Just saw a girl wearing a “BAD GAL” t-shirt so I yelled “NO!” & smacked her on the nose with a rolled up newspaper.
Made a dermatology appt for a really weird mole I’d never seen. It was a burned crumb of pizza crust that fell down my shirt. So anyway, I ate it and called my eye doctor.
the economy’s so bad that all the online submarine experts from last year had to become bridge experts
There is a button on my microwave that says “super clown” and I do not ever push that button
My 2yo loves to put hats on people, but you never know if it’s going to be an actual hat, a slice of cheese, an empty bowl, or his toy shopping cart.
Had to turn the heat on this morning, so of course I’ve started playing Christmas music.
Me: Do your chores.
9-year-old: Why do I have to do them at night?!
Me: Because you didn’t do them during the day.

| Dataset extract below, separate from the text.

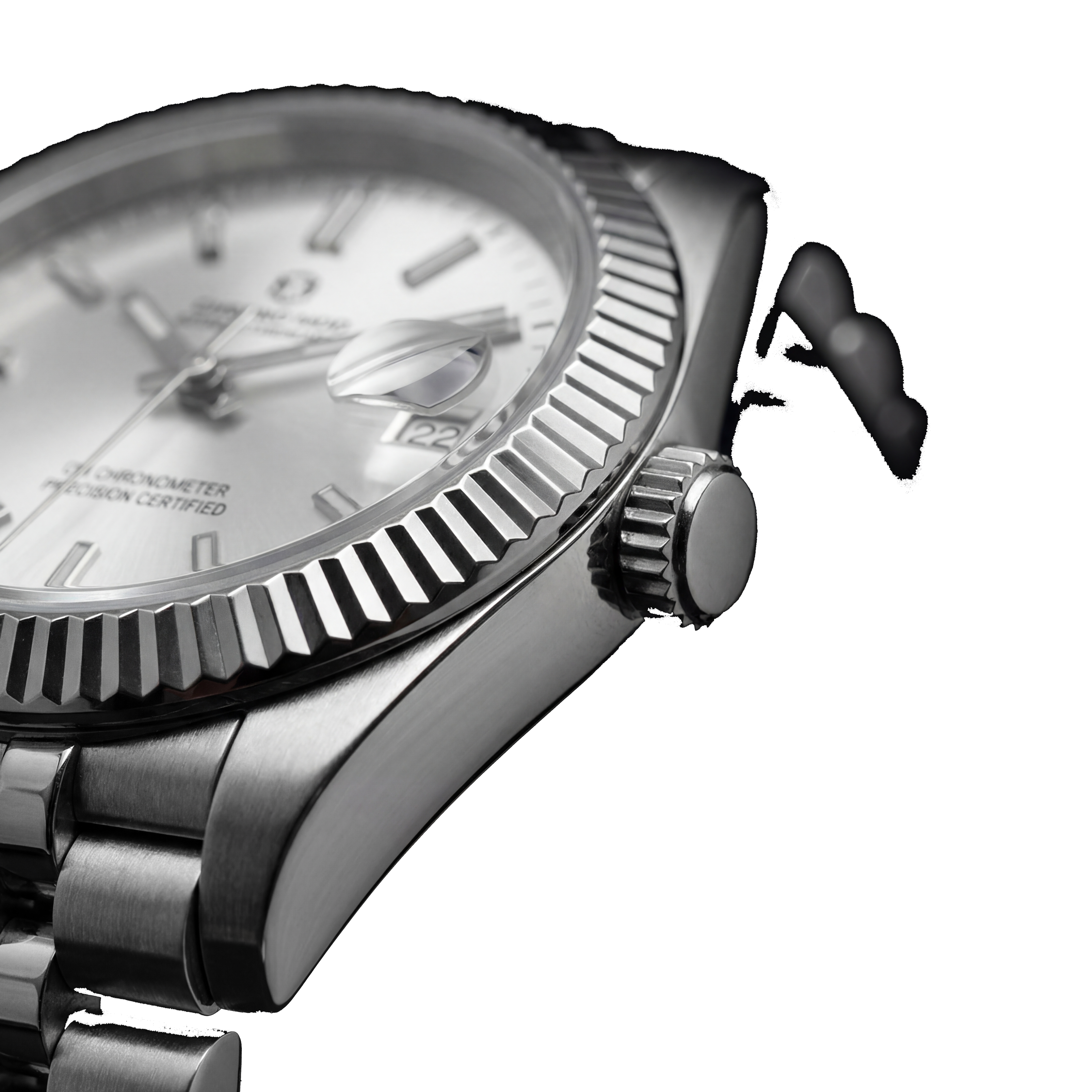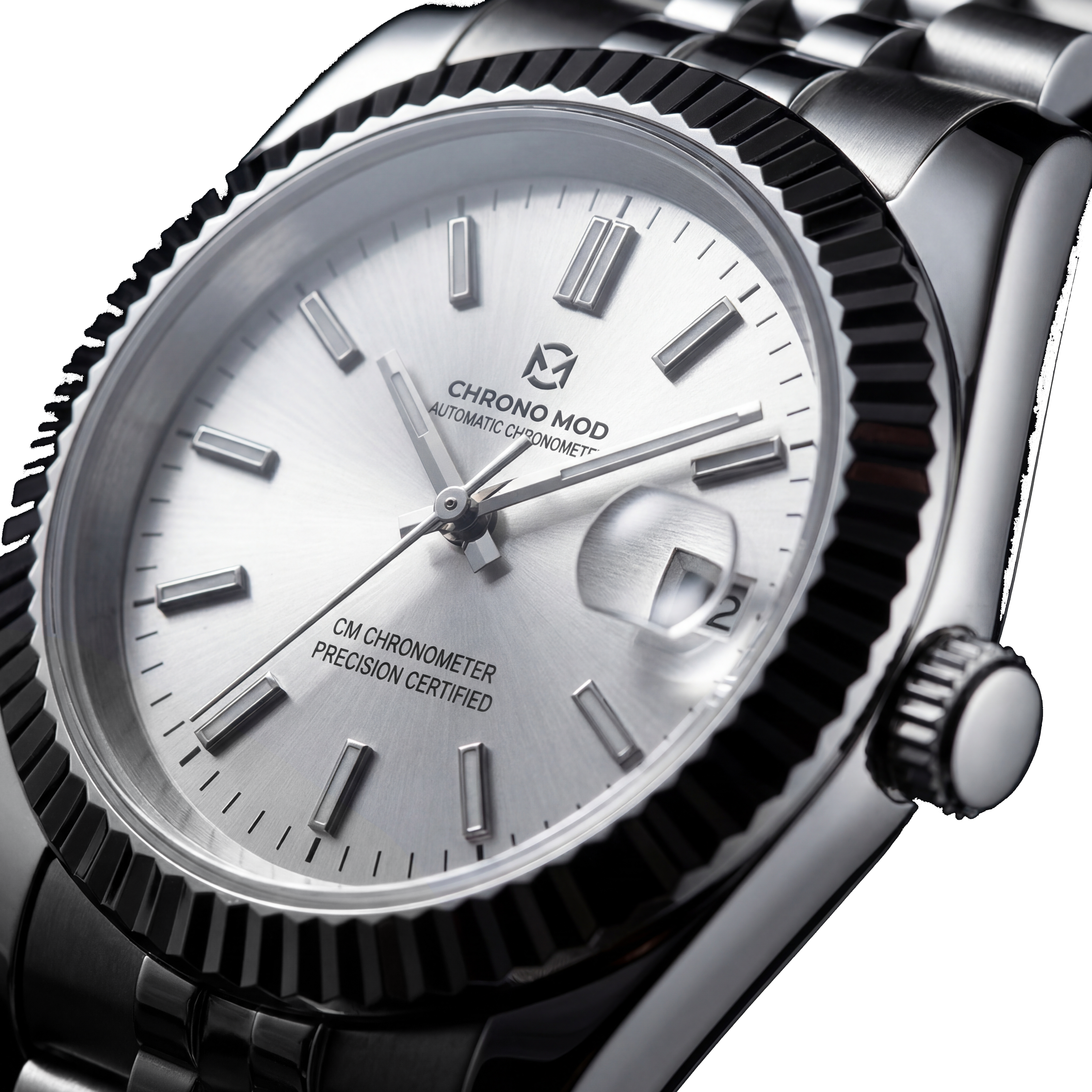 Ein echtes mechanisches Uhrwerk, das sich bei jeder Bewegung Ihres Handgelenks selbst aufzieht. Zifferblatt mit arabischen Zahlen und einem Sonnenstrahl-Finish, das je nach Lichteinfall schimmert. Datumsfenster bei 3 Uhr, jedes Detail darauf ausgelegt, täglich getragen und jedes Mal bewundert zu werden.

9: I didn’t know they would follow me.
I just want to be rich enough to say “that won’t be necessary” when the police go to handcuff me
why is it called godzilla vs kong instead of when hairy met scaly
me: hello darkness my old friend
darkness: friend is a strong word
4yo: I want to play squirt guns
Me: You mean when you squirt me all day and laugh, and if I squirt you, you cry?
4yo: YES
Me: Okay, let’s go
Mechanic: that’s gonna cost $2000
Me: how much?
Mechanic: $3000
Me: what did you say before that
Mechanic: I said “that’s gonna cost”
Remember when you were watching zombie movies and you thought wow, there’s no way real people could be this stupid?